What You Write vs What GSD Writes

The reference documentation explains what the files are — their formats, the commands that write to them, the schemas GSD expects. This section is different. It’s about the practitioner’s side: what you actually write into those files, how that writing accumulates into something that shapes every AI session, and how to recognise when your context is doing its job versus when it’s getting stale. This is the highest-leverage skill in the GSD workflow, and it’s entirely yours.

agent-instructions.md: your project constitution

Section 3 covers how to write an agent-instructions.md for the first time on a brownfield project — the hard limits, the pattern rules, the things to leave alone. That introduction is worth reading if you haven’t yet.

→ gsd2-guide: Section 3: Brownfield Reality

But agent-instructions.md isn’t a one-time document. It’s a living constitution that evolves with the project. The version you write at the start of Milestone 1 will look different from the one you’re running at Milestone 4, and that difference is healthy — it reflects what you’ve learned about the project and where the real risk lives.

The evolution follows a predictable pattern. Early milestones tend to produce broad rules: “follow the established API pattern”, “don’t modify the auth layer”. Later milestones add specificity as you encounter the actual edge cases: “the payments webhook uses idempotent processing — never retry without checking processed_at first”, “the legacy report generation code in src/reports/ is intentionally not typed and must not be touched during this milestone”. The document gets more precise as the project’s complexity becomes more visible.

Two things worth maintaining deliberately: the hard limits section and the pattern rules section.

Hard limits are the things you’re protecting. They should be written in terms of files, directories, or data structures — specific enough that an agent can’t accidentally violate them without explicitly recognising the boundary. “Don’t touch the auth layer” is weaker than “Do not modify any file in src/auth/ — bugs can be fixed, design is off-limits”. The second version leaves no room for interpretation.

Pattern rules are the things you want the agent to replicate, not invent. If your codebase has a consistent way of handling database access, error responses, or test structure, those patterns belong in agent-instructions.md. An agent that hasn’t seen the pattern before will produce something locally reasonable that doesn’t fit. An agent that has the pattern written down will follow it.

Between milestones, review agent-instructions.md before starting each new discussion. Ask: are the hard limits still the right ones? Has anything graduated from “fragile, leave alone” to “now stable”? Has the new milestone scope introduced a new area that needs protecting? Ten minutes of deliberate maintenance before a discussion is worth more than steering corrections mid-execution.

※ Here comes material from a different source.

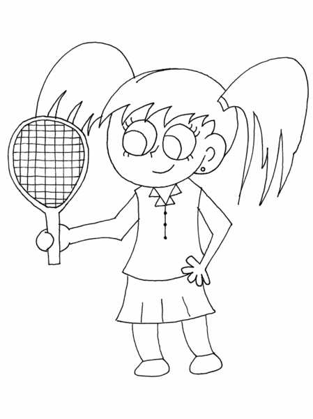 Раскраска Дівчинка з ракеткою розфарбування, спортивні ігри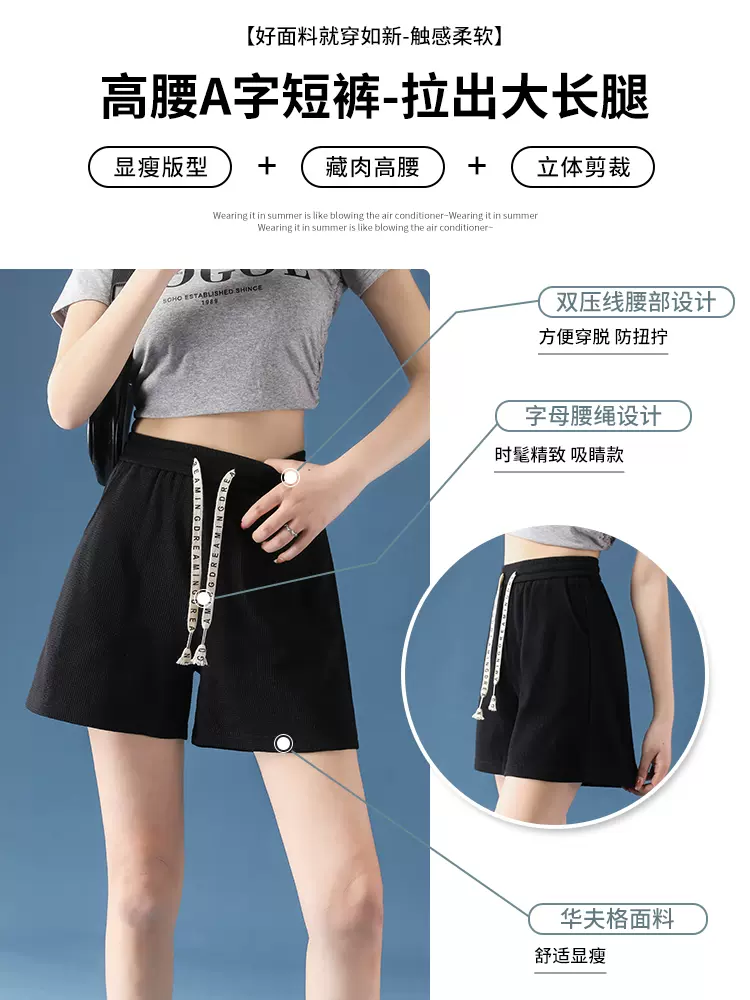 运动短裤女夏季薄款黑色a字高腰宽松休闲阔腿裤

→ gsd2-guide: Configuration

DECISIONS.md: architectural memory

Every non-trivial project accumulates decisions that aren’t visible in the code itself. Why JWT instead of sessions. Why this particular queue library. Why the API is split across two services rather than one. Why that table has the denormalised column that looks like it shouldn’t be there. The code reflects the decision, but it doesn’t explain the reasoning — and reasoning is what an agent needs to make the next decision coherently.

DECISIONS.md is where that reasoning lives. GSD writes to it automatically whenever the planning pipeline records an architectural decision, but you can and should add to it directly when something significant is decided outside of a formal milestone — in a conversation, during a code review, when you read something that changes your approach.

The format is simple: what was decided, why, and when. The why is what matters most. “We chose to use background jobs for email delivery” is a fact. “We chose background jobs for email delivery because synchronous delivery was causing webhook timeouts in Stripe — the HTTP response was taking 800ms and Stripe was interpreting that as a failure and retrying” is a decision that an agent can reason from. The second version prevents the agent from suggesting “just make it synchronous” when email delivery comes up in a future task.

Each entry in DECISIONS.md is injected into the agent’s context when it’s working on a task in that scope. This means a decision made in Milestone 2 is available to the agent in Milestone 5 without you doing anything — it’s already there, already loaded. The accumulation is the point.

When should you record a decision? The heuristic is: if you would have to explain this choice to a new developer joining the project, it belongs in DECISIONS.md. If it’s self-evident from the code, it probably doesn’t. If you made a tradeoff — accepted a limitation, chose one approach over another for reasons that aren’t obvious — record it.

The practical consequence of maintaining a good DECISIONS.md is that discussions become faster. When the agent is already familiar with why the current architecture looks the way it does, the discussion doesn’t have to re-derive it. You spend the conversation deciding what to build next, not re-litigating what was already decided.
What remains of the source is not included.